Fontainebleau 2009, ou comment perdre quelques couches de peau sur les doigts avec le sourire.

Ça faisait un moment qu’on en parlait, c’est fait ! Une petite équipe de ty caill’ a pu profiter du long week-end de l’ascension pour partir à Fontainebleau pour 4 jours de bloc intensif (et abrasif…).

On était 10 de la partie : Jean-Phy (gros steak ou le singe pour les intimes), Jean-Marc, Anne-Clémence, Mathieu, Le boss, Klervia, Soraya, Oscar, Clément (égaré de son école de télécom) et Neil (Cragick ou le maître du topo).

Rendez-vous donc pris pour jeudi matin 8h pétantes (si si pétantes Jean-Marc !) à St Marc pour le départ et après quelques heures de route presque sans erreur d’itinéraire ni perte de voiture, nous voici à planter les tentes au camping de Samoreau, camp de base à l’accent légèrement germanique.

Sous l’impulsion dynamique des plus excités, on a sauté sur nos premiers blocs en fin d’après midi au secteur du Bas Cuvier, où chacun a pu prendre sa claque… micro-pieds et aplats fuyant, glissant et broutant seront au menu de ce séjour !Jean-Phy en a profité pour nous démontrer que l’homme descendait bien du singe en réalisant quelques méthodes simiesques : « tu mets ton pied droit derrière ton oreille gauche et tu rétablis sans les mains ! ».

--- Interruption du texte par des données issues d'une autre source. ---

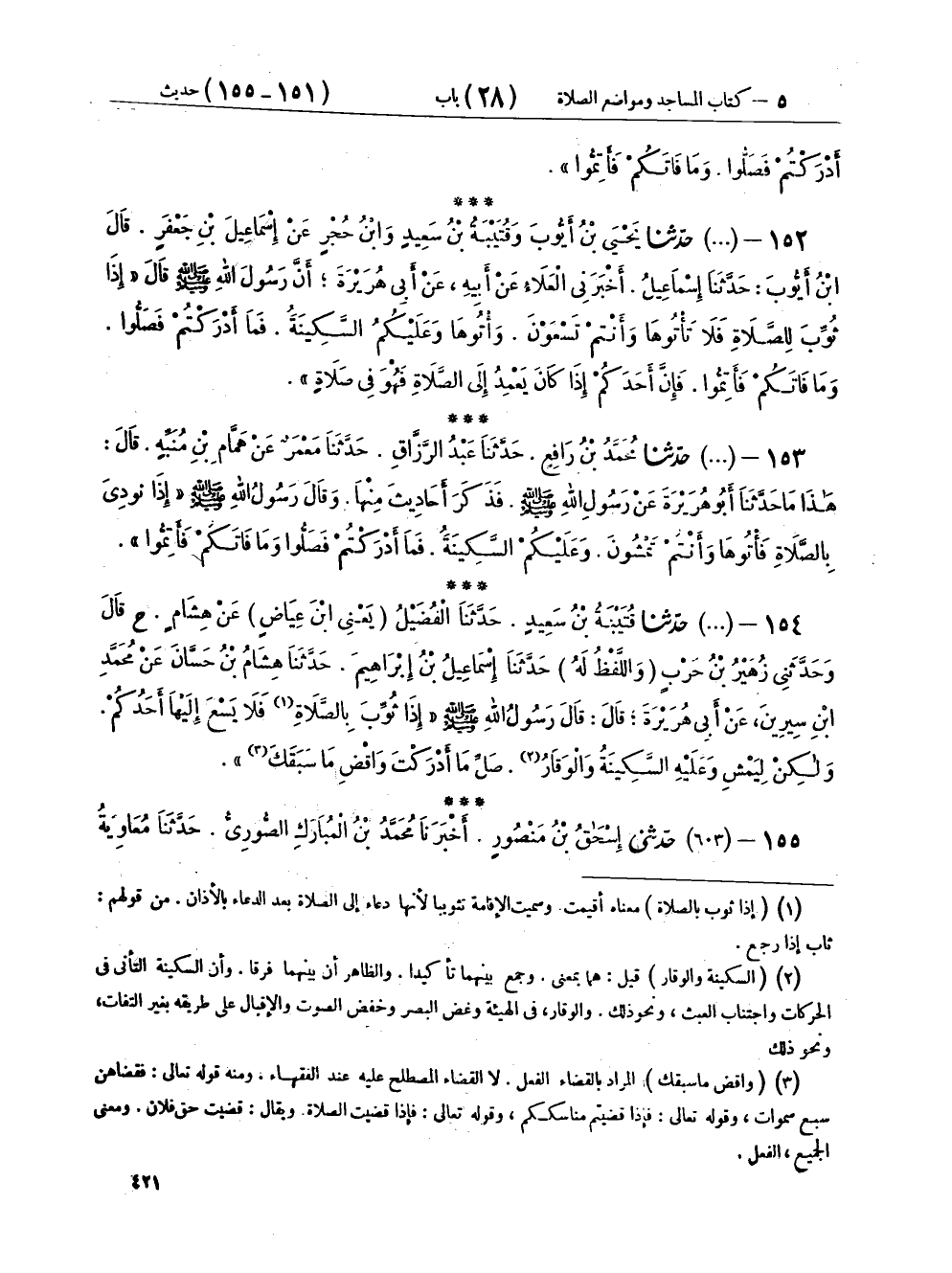 ١٥٤ - (٦٠٢) حَدَّثَنَا قُتَيْبَةُ بْنُ سَعِيدٍ، حَدَّثَنَا الْفُضَيْلُ يَعْنِي ابْنَ عِيَاضٍ، عَنْ هِشَامٍ، ح قَالَ: وَحَدَّثَنِي زُهَيْرُ بْنُ حَرْبٍ، وَاللَّفْظُ لَهُ، حَدَّثَنَا إِسْمَاعِيلُ بْنُ إِبْرَاهِيمَ، حَدَّثَنَا هِشَامُ بْنُ حَسَّانَ، عَنْ مُحَمَّدِ بْنِ سِيرِينَ، عَنْ أَبِي هُرَيْرَةَ، قَالَ: قَالَ رَسُولُ اللهِ صَلَّى اللهُ عَلَيْهِ وَسَلَّمَ: «إِذَا ثُوِّبَ بِالصَّلَاةِ فَلَا يَسْعَ إِلَيْهَا أَحَدُكُمْ، وَلَكِنْ لِيَمْشِ وَعَلَيْهِ السَّكِينَةُ وَالْوَقَارُ، صَلِّ مَا أَدْرَكْتَ، وَاقْضِ مَا سَبَقَكَ»

Une petite séance de 3 heures bien sympathique dans ce secteur historique de la forêt sur de cailloux aux formes démentes (carapace de tortue et autre monstres préhistoriques) qui s’est conclu sur un très joli bloc nommé « la marie rose », premier 6a de Fontainebleau que nous avons presque tous enchainé (mais non chan c’est pas morpho…).On pourra noter que le gré parisien est plutôt doux au touché, mais bien abrasif à grimper (et c’est pas les doigts de Jean-Marc qui diront le contraire ! Fallait pas jeter 15 fois mauvaise main c’est tout…).

Vendredi, nous avons exploré sous un soleil de plomb, deux autres secteurs historiques dans le massif des 3 pignons : La roche aux sabots et le cul de chien. Grosse journée pour nous tous qui laissera des traces sur nos petits doigts boudinés.Le secteur était plutôt très fréquenté, mais à part quelques allemands ou hollandais qui utilisent ton crach sans te demander et un abruti allergique à la poudre blanche (il avait déjà peut-être un peu trop forcé…), l’ambiance était plutôt cool. Certains ont même pu taper quelques essais avec des grimpeur rouannais (encore une destination de rêve pour la grimpe !) bien énervés.Après de nombreux essais et de belles croix pour certains, on a tous fini sur le même bloc, histoire de voir ce qu’il restait dans les doigts. Beaux combats pour tout le monde ! C’est aussi le moment qu’a choisi Jean-Marc pour commencer à repeindre en rouge tous les blocs qu’il essaiera jusqu’à la fin du week-end…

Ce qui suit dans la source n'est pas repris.